Knowing there would be a newly reconstituted NLRB contributed to the surge in business optimism following President Trump’s election – a surge that continues to this day. Pearce’s reappointment to the board when his term expires would have the opposite effect.


Under Pearce, the NLRB, was grossly anti-employee (particularly private sector employees who did not want to join a union) and anti-business, consistently favoring big labor at the expense of everyday Americans. Pearce was the mastermind for much of the progressive establishment’s anti-business labor agenda – an agenda he pushed without regard for existing law.

By one well-documented analysis, Pearce presided over the most partisan NLRB in history, reversing many years of precedent in about 90 cases, disregarding longstanding labor-management policies, and always in favor of big labor. It will take years for a new board to undo the damage.

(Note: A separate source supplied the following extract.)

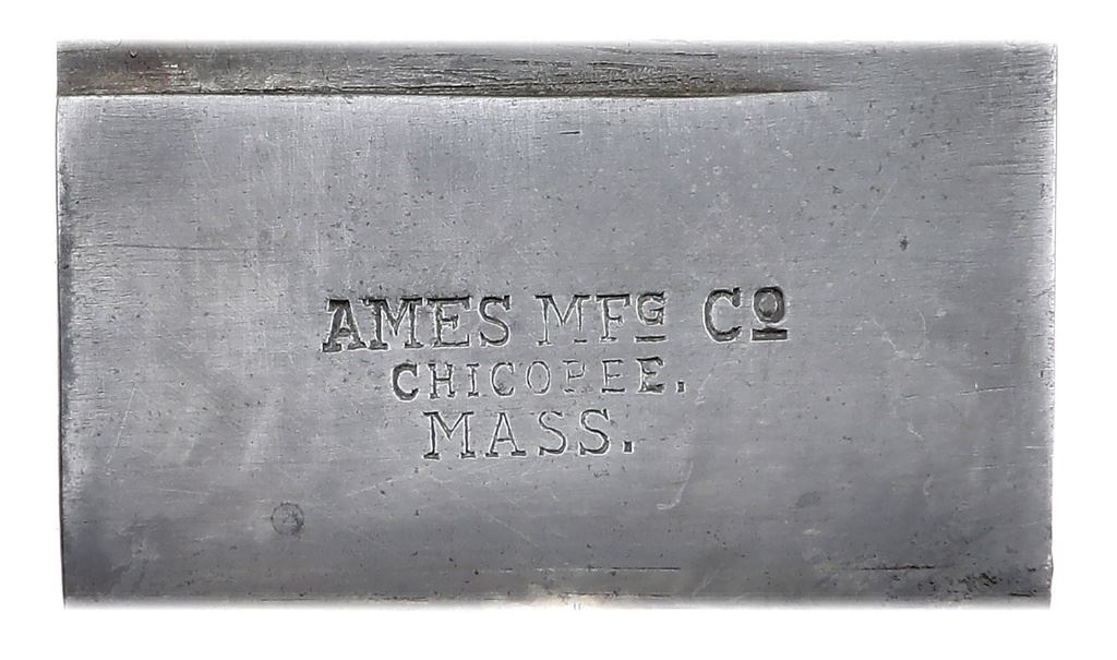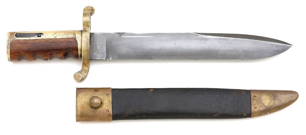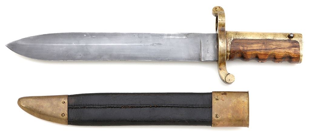 These heavy bayonets were designed by John Dahlgren and made by the Ames Manufacturing Company to replace the long saber bayonets on the Model 1861 Plymouth/Whitneyville rifle-musket, although it's believed Dahlgren's main purpose was a heavy knife for close hand-to-hand combat. This is a first variation with no proof marks, a 1861 date and the grips are fastened to the hilt with three vertical brass pins. This massive bayonet measures 16 3/4'' overall with a 12'' blade equipped with a 6'' reverse swedge. The blade has toned to a pleasing pale gray patina with sparse spots of darker gray, specks of freckling and a couple tiny nicks in the top edge of the tip. The reverse ricasso is marked with a small ''1861'' date while the obverse ricasso is marked ''AMES MFG Co / CHICOPEE. / MASS.''. The hilt consists of a brass S-shape guard with muzzle ring, handle, walnut finger groove grip and a steel press stud and spring. The brass has a tarnished bright ochre with a few tiny nicks and marks expected with age. The grips have an attractive striped grain with light handling marks and a tiny chip at the center retention pin. The press stud is bright pale gray while the spring is a mixture of dark gray and silver with some fine oxidation and hardened oil. The included original plain black leather scabbard with brass mounts remains in good to very good condition with a separating rear seam, light scuffs and crackling. The mounts have a nicely tarnished brass patina with some spots of darker tarnish and staining and all pins remain secure and in place. This is a really nice example of these heavy U.S. Navy bayonets, the early first variations seldomly encountered and highly sought after. (5D11738-EW7) [John A. Micavich Collection] (2000/3000)

For example, Pearce was the architect of the expanded “joint employer” rule, which flipped decades of labor law on its head to make it easier to unionize and sue franchise brands, like the ones I ran as CEO for restaurant chains Hardee’s and Carl’s Jr. Simply put, the rule made union organizing easier by allowing labor bosses to organize both franchisers and their franchisees as one entity, rather than having to organize each individual franchisee.

Should this rule survive, franchisers will be forced to take control of their franchisees’ employment practices – they do not control them now – reducing the ability of franchisees to control their bottom lines and run their businesses as independent entrepreneurs.